» Exercise aim
Print the data exactly. Pictures stay out.

» Exercise data
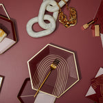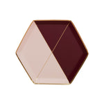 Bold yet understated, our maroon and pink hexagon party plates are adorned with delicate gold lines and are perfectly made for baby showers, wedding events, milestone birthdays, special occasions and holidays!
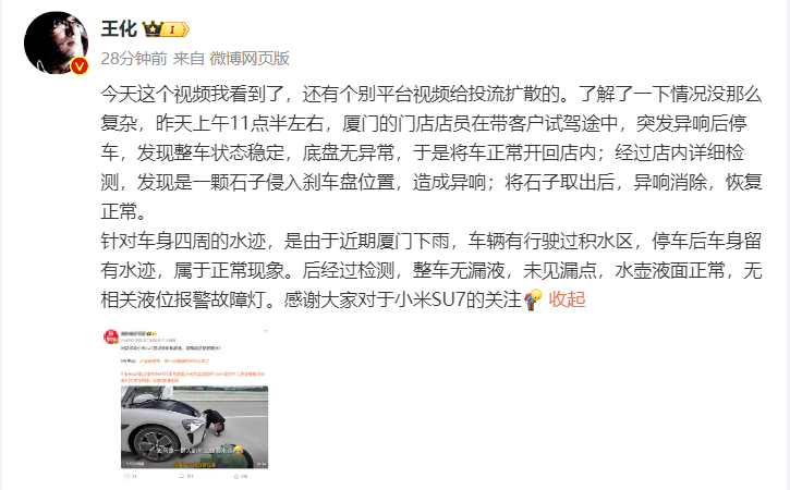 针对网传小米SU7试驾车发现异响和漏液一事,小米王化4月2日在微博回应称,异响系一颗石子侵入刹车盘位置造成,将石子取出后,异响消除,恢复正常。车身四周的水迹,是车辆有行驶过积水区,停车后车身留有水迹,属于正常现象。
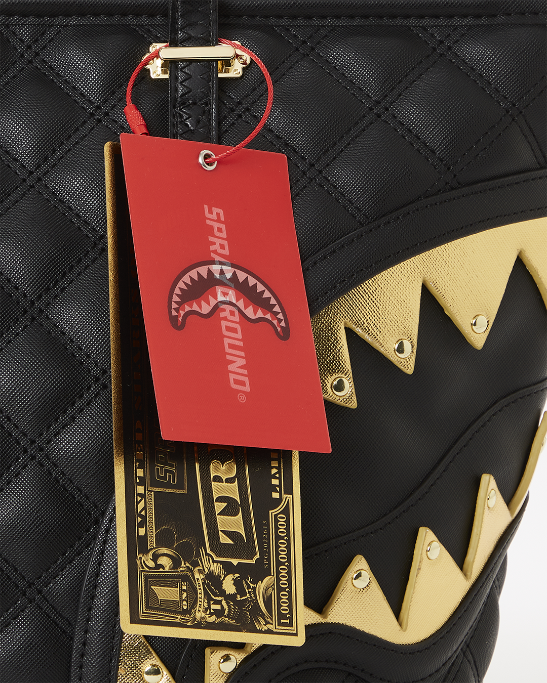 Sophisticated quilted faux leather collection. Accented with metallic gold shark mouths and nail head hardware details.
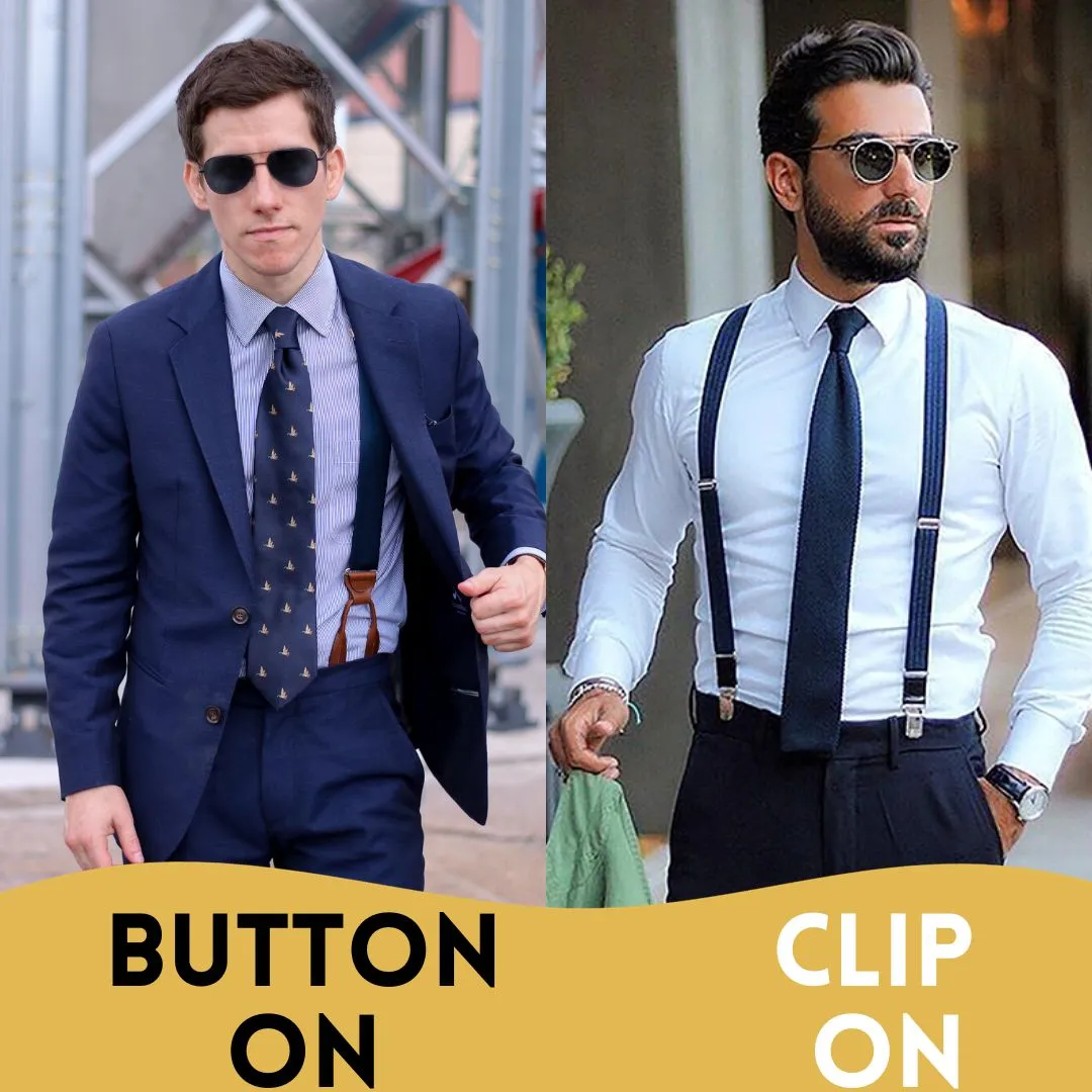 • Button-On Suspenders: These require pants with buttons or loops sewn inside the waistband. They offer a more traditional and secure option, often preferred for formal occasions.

» Completed exercise
 Bold yet understated, our maroon and pink hexagon party plates are adorned with delicate gold lines and are perfectly made for baby showers, wedding events, milestone birthdays, special occasions and holidays!
 针对网传小米SU7试驾车发现异响和漏液一事,小米王化4月2日在微博回应称,异响系一颗石子侵入刹车盘位置造成,将石子取出后,异响消除,恢复正常。车身四周的水迹,是车辆有行驶过积水区,停车后车身留有水迹,属于正常现象。
 Sophisticated quilted faux leather collection. Accented with metallic gold shark mouths and nail head hardware details.
 • Button-On Suspenders: These require pants with buttons or loops sewn inside the waistband. They offer a more traditional and secure option, often preferred for formal occasions.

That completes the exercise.